Economy

Stimulus Tapering Becomes More Likely as Labor Market Improves

The head of the St. Louis Federal Reserve, James Bullard, indicated on Monday that the likelihood of the Federal Reserve tapering its monthly asset purchases will increase if the labor market continues to show improvement.

Currently, the Federal Reserve is engaging in a monthly purchase of $85 billion in Treasury securities and mortgage-backed debt as part of a quantitative easing strategy. This approach aims to promote economic recovery by lowering long-term interest rates, which can also lead to a weaker dollar.

Bullard emphasized that recent improvements in the labor market make the possibility of tapering more imminent. He suggested that a modest reduction in asset purchases could acknowledge the positive labor market trends while also allowing the Fed to monitor inflation more closely in the first half of 2014.

He noted that if inflation does not move back toward the Fed’s target, there may be a pause in tapering decisions at future meetings.

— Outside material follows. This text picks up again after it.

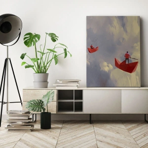 Cuadro mural - Viaje de los Soñadores - Barquitos de papel rojos flotando en las nubes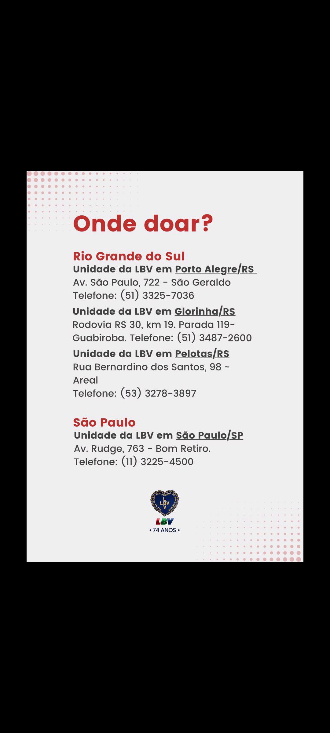 Acompanhe a entrega dos donativos acessando @lbvbrasil no Facebook e no Instagram.

Recent data from the Department of Labor revealed that the U.S. economy added 203,000 jobs in November, surpassing expectations for a 180,000 increase and reflecting a revision from a previously reported 200,000 jobs gained in October. The private sector contributed 196,000 new jobs, exceeding the anticipated 180,000.

Additionally, the unemployment rate dipped to 7.0% in November, down from 7.3% in October and better than the expected decline to 7.2%.

Many market observers now believe that the Fed may announce plans to taper its $85 billion asset purchases as early as 2014, possibly during its monetary policy meeting scheduled for December 17-18.

In light of the labor market data, Bullard stated that the chances of a Fed decision to reduce the pace of asset purchases have significantly increased.